Le Professeur Stiglitz a reconnu le faible intérêt des pays industrialisés pour une réforme de la gouvernance mondiale. Toutefois, a-t-il assuré, Cancùn a envoyé un message important sur les difficultés réelles de la libéralisation du commerce et du régime inéquitable auquel l’OMC n’a pu porter remède. La nature de ce qui est en cause est claire, a insisté le Lauréat du Prix Nobel d’économie en donnant deux exemples et d’abord celui des tarifs pratiqués. Le niveau assez bas de ces tarifs – 1% à 3%- laisse penser que les pays industrialisés ne perdraient rien à les éliminer. En revanche, les subventions agricoles qu’ils consentent à leurs producteurs entraînent une augmentation de l’offre qui, en faisant baisser les prix, heurtent les petits fermiers partout dans le monde. Aujourd’hui, a insisté le Professeur d’économie, le montant des subventions des pays industrialisés est supérieur au revenu total des pays de l’Afrique sub-saharienne. Pour M. Stiglitz, les pays industrialisés ont fini par reconnaître qu’en l’absence de mesures correctives relatives aux subventions et aux politiques de dumping, le système commercial n’apporterait plus rien.
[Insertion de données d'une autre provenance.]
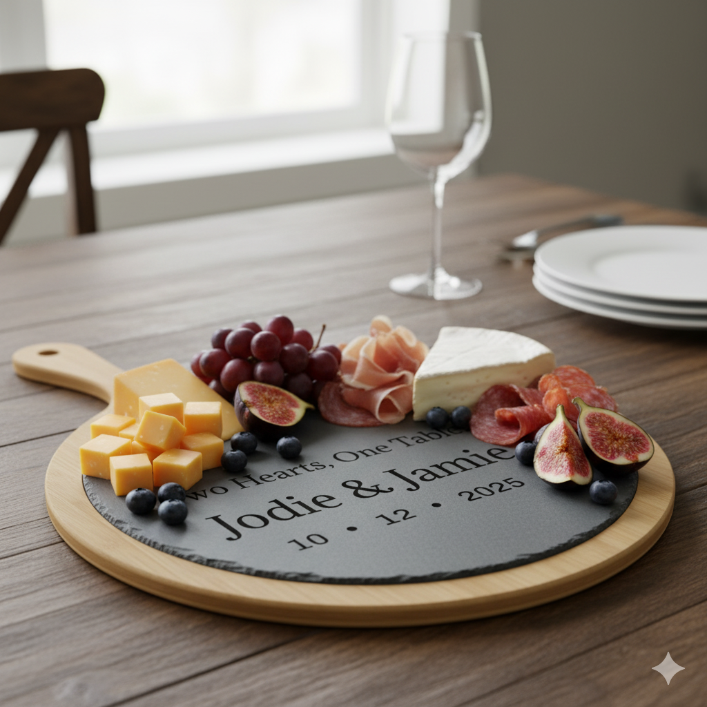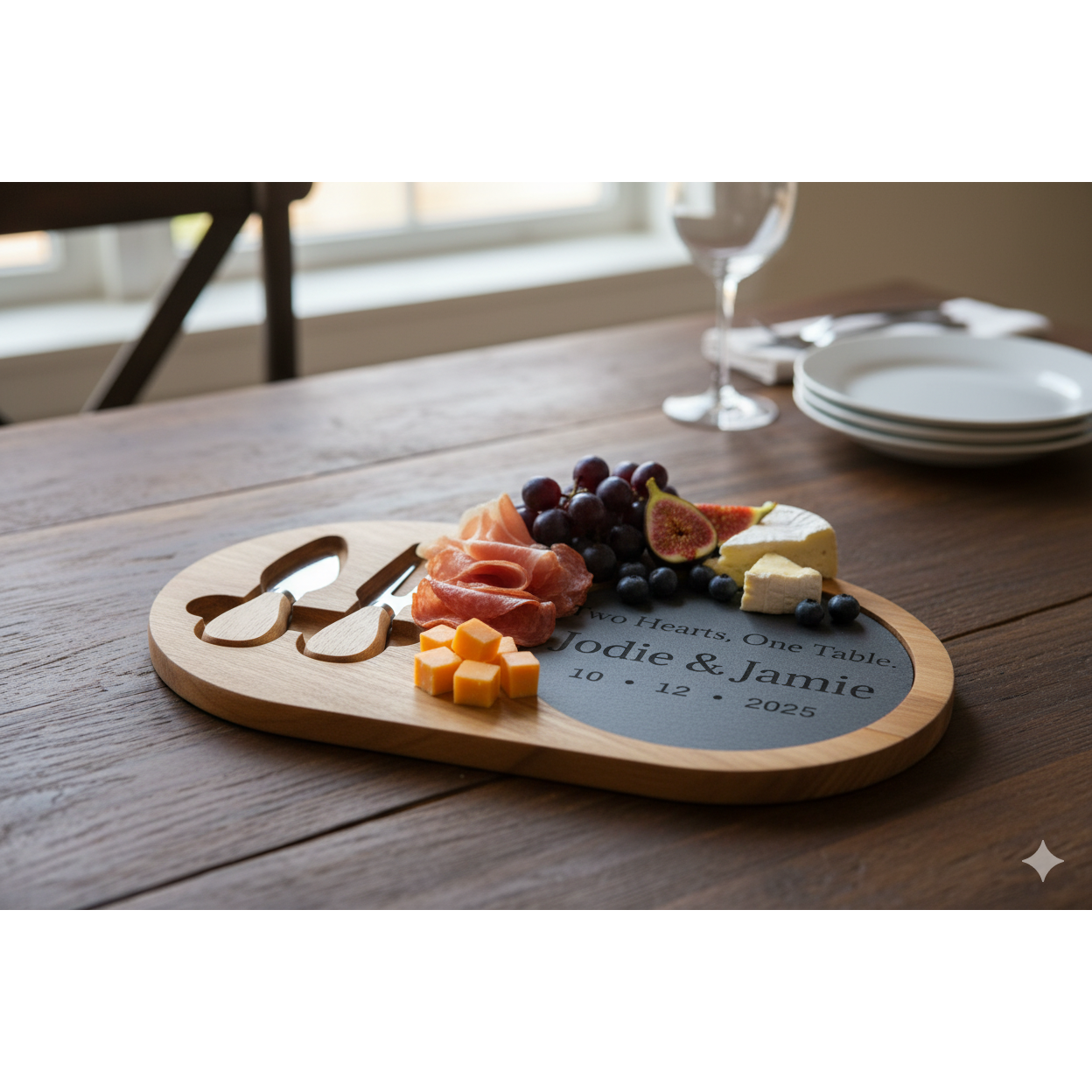 Elevate your entertaining with this exquisite Charcuterie Board. Crafted from durable acacia wood and featuring a removable slate surface, it's perfect for showcasing your culinary creations. The engraved design adds a personalized touch, making it not just a serving piece, but a conversation starter. Imagine hosting gatherings with friends and family, the board becoming the centerpiece of laughter and delightful feasts. Ideal for culinary enthusiasts and those who cherish shared moments, this board is also a thoughtful gift for weddings, anniversaries, and housewarming celebrations. Celebrate love, friendship, and festive occasions with this charming piece that embodies warmth and joy.

L’expansion continue du commerce exige la correction des déséquilibres du passé et les pays industrialisés s’en sont rendus compte, a souligné le Professeur Stiglitz en invoquant ensuite la «moralité économique» qui exige désormais que l’on reparte de zéro. Pour lui, la difficulté réside dans la manière de procéder et il a insisté, une nouvelle fois, sur la mise en place d’un Conseil de sécurité économique et social qui aurait l’autorité morale requise.
La proposition d’un tel Conseil a été avancée et défendue par certains dirigeants, a rappelé le représentant de la Chine en reprenant la série de questions. Sachant que ce Conseil serait un élément de la réforme de l’ONU, quelle serait la nature de ses éléments? s’est interrogé le représentant du Maroc qui s’est aussi interrogé sur le principal obstacle à ces réformes. Faudrait-il insister sur la cohérence des politiques ou sur la volonté politique? Posant une question sur la théorie selon laquelle la libéralisation des capitaux ne conduit pas automatiquement à la croissance économique, le représentant du Kenya a voulu savoir pourquoi cette idée a été défendue si longtemps.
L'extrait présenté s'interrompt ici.